Within today’s societies, the identities of individual people are often overlooked for the sake of efficiency. This is specifically seen in humanitarian aid organizations and national cultures, where individuals are used to represent ideologies or needs. This ignorance of identity aspects such as background, future goals, and personal preferences in treatment can be referred to as dehumanization. In the case of humanitarianism, victims of disasters are often reduced to their injuries or needs, being used for advertising, symbolism,[i] and are represented by mere numbers in need-based information systems.[ii] While the humanitarian organizations observed for the purposes of this paper are international, similar dehumanization can be seen within individual countries, such as the United States, through the maintaining of racist mindsets. By diminishing or reducing someone’s identity to a single aspect, whether their needs or skin color, they are actively being dehumanized for the sake of an organization’s success or to continue traditions. Without recognition of this phenomena, especially by the United States, it will continue to manifest as a negative force in both developing and industrialized societies as the former attempts to assist the latter in increasing human rights, economic development, and living conditions through humanitarian aid. Therefore, as a society, we must recognize the malpractice of dehumanization and actively attempt to decrease it as impoverished countries grow their economies under our guidance, so they do not face the same racial prejudice issues once they reach industrialized status.

Humanitarian Advertising Dehumanization

For humanitarian aid organizations, donations from civilians of Western nations is one of the main sources of income. However, people do not randomly choose organizations to support. When deciding which organization will best serve their interests while making the most efficient use of their money, people are exposed to advertisements which use images of those who are trapped in humanitarian crises. Often malnourished, injured, or visibly suffering, these images reduce people to their needs for medical attention, consistent and nourishing food, and/or a politically stable environment. This framing diminishes the viewers’ ability to perceive the people photographed as “human,” because their identities are overlooked for their needs, a process called dehumanization.

In advertising, distance is a key challenge in selling a product to consumers. If someone is viewing a new product, they have no association with the product, and thus, they have no need to own it unless the ad itself creates one. For humanitarian organizations, dehumanization is used as a tool for advertising as advertisers attempt to overcome this distance in order to increase the likelihood of people to donate money.[iii] Viewing the extreme injuries or health problems of victims creates shock in possible donors, grabbing their attention and creating a sense of urgency.[iv] The distance is reduced by prompting these feelings of shock and making those who are unaffected by the issue emotionally connect with the event, increasing certainty that the event is a cause to which they must provide monetary assistance. Throughout the process of this emotional production, the individual identities of those photographed are ignored for how much income their suffering will produce for organizations helping them.

While producing advertisements to decrease the aforementioned distance, organizations use a variety of universal symbols in photography that invoke empathy in viewers. In the case of humanitarianism, these symbols are often images of women and children combined with suffering and destruction,[v] representing those who need help. In Western society, the “damsel in distress” trope is often used to minimize women’s capabilities to help themselves. The “women and children first” narrative, which was made famous by the film Titanic, also produces urgency to assist those demographics. These trends carry over into humanitarian advertising, which is more likely to depict images of women and children than of grown men. This aesthetic is created because Western culture grooms individuals to more willingly help women and children. Another universal symbol is visible poor health conditions, including “starvation” and wounds such as “broken skin.”[vi] Although many Westerners with the means to donate money to aid organizations have never experienced starvation or had external wounds without access to medical attention, they can rudimentarily imagine what it would be like to experience them. Their imagination is provoked by images of people who do experience these conditions throughout their daily lives. However, by only emphasizing their bodily conditions, these advertisements abandon other aspects of their livelihood, such as values and background. By using individuals’ physical characteristics (injury, gender, age, health) to represent need for donation, their abilities and desire to speak for themselves are omitted.

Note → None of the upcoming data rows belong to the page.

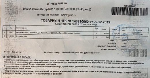 Картридж CS-PH3010 черный для принтеров. Новый (заказал ошибочно), не вскрывался.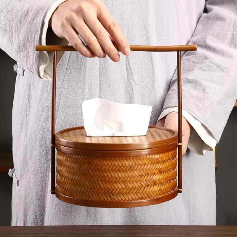 ティッシュケース ボックスティッシュ 竹編み 竹製 漆塗り レトロ 新中式 和モダン 持ち手付き 籠型 バスケット 家庭用 リビング 置物 茶道具 インテリア雑貨 撥水加工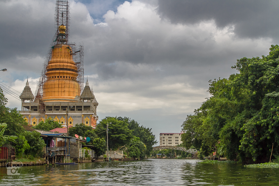 นั่งมาซักพักจนผ่านตรงวัดบางพลีใน ที่กำลังบูรณะเจดีย์องค์ใหญ่ตั้งตระหง่านอยู่ริมแม่น้ำอย่างที่เห็น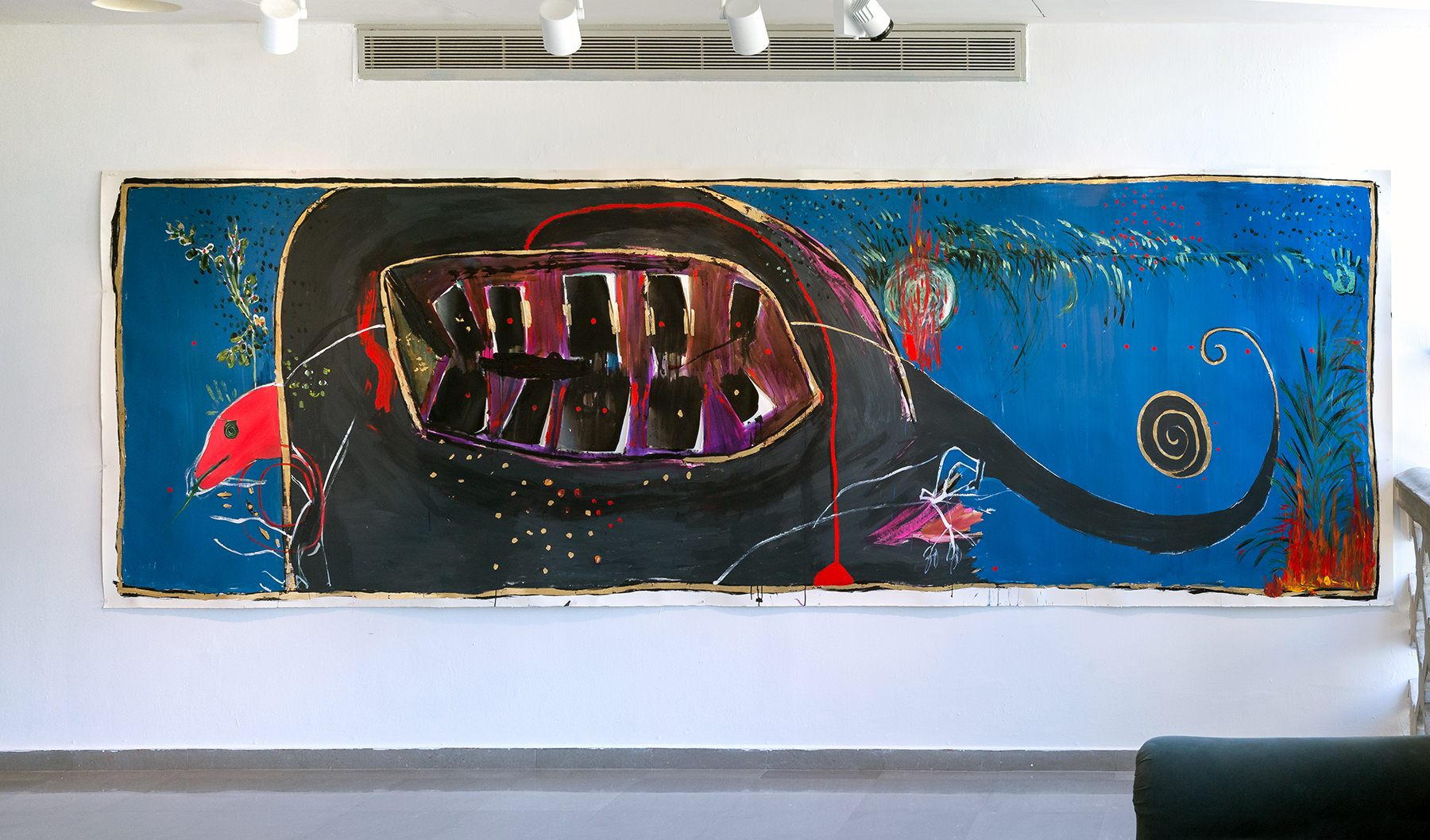 בחלל העליון של הגלריה מופיע דימוי הזיקית הזוחלת מלוא גופה לאורכו של ציור על מצע נייר גדול ממדים. הזיקית הנתפסת בתרבויות שונות כמבטיחה שפע ומזל טוב מכבירה מטובה ברכה על התערוכה והבאים בשעריה.

Humanitarian Statistics Dehumanization

Outside of advertising practices, dehumanization is also used in the accumulation of statistics in humanitarian crises. In the case of Katherine Dettwyler, who observed pregnancy practices as well as children’s malnutrition in Mali, she routinely measures her subjects’ weight, height, circumferences of their arms and heads, and number of teeth.[vii] Through these measurements, the identities of the children and their parents are forgotten, and although she does record names, individual circumstances are also omitted. If a child is malnourished, a mother my want to explain their reasoning or use the platform of an international aid group to get help. However, because recorded information is limited to the statistics related with a child’s health, this is incredibly difficult. Another example of this dehumanization is Dettwyler’s recording of breastfeeding practices, weaning practices, and the introduction of solid foods into toddlers’ diets.[viii] By simply recording what is important to her, the testimonies of mothers and their families are simplified into numbers on Western terms.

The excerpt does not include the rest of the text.